I stumbled across this square on my way to Grand Canal Dock area and it was such a happy surprise.
Potted plants and flowers seem to be the order of the day in this little corner of the world. Making it a whimsical and unexpected surprise.
I bet these stoops add some positivity to the neighbor’s day!
Tools for a Mindful Photo Walk
You don’t need much for a photo walk, even capturing images with a SMART phone makes for a lighter and more relaxing experience.
On this walk I didn’t have a wide angle lens for my DSLR, but I did have my IPhone Moment Wide 18mm Lens. It works like a charm when you can’t step back any further because cars are in the way, but still want to capture a building facade. 😉
An ideal backpack for a photo walk is The Brevite Jumper Photo Backpack. This minimal design backpack can carry a DSLR, drone & tripod if needed.
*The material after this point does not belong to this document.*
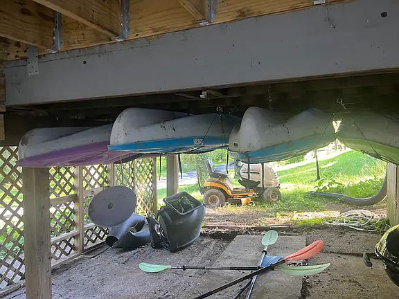Deck balcony, kayaks for use, ceiling fans, nice yard, and lots of parking.
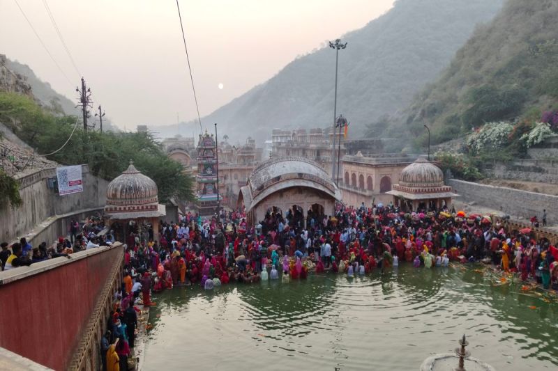 गलता तीर्थ में पीठाधीश्वर स्वामी अवधेशाचार्य के सान्निध्य में मेले का आयोजन हुआ। लोगों ने उगते सूर्य को अर्घ्य अर्पित किया। सूरज उगने से पहले ही श्रद्धालु गलता कुंड पर पहुंच गए। सूरज उगने के इंतजार के बीच छठ मैया और सूरज भगवान के गीत गाए। सूरज उगते ही दूसरा अर्घ्य अर्पित किया। इससे पहले समाजबंधु रातभर गलता तीर्थ में जुटे रहे। यहां रात को जागरण व भक्ति संगीत का आयोजन हुआ। इसी प्रकार शास्त्री नगर के किशनबाग और दुर्गा विस्तार कॉलोनी में भी रात्रि जागरण हुआ, यहां गंगा माता, काली माता और हनुमानजी की विशेष झांकी सजाई गई। यहां बनाए गए कृत्रिम जलाशय में श्रद्धालुओं ने खड़े होकर उगते सूरज को अर्घ्य अर्पित किया।

Yet, the best feature is the quick access side zip pocket. It allows you to get to your camera without unzipping the entire bag! Making it super convenient.
I have the pine green color and love the versatility of a camera bag that doesn’t look like a camera bag.
Dublin’s doors are worth a wander in any weather and deserve a spot on your next Dublin itinerary.
A peek into an era gone by, they’ll also brighten today with some color and happiness!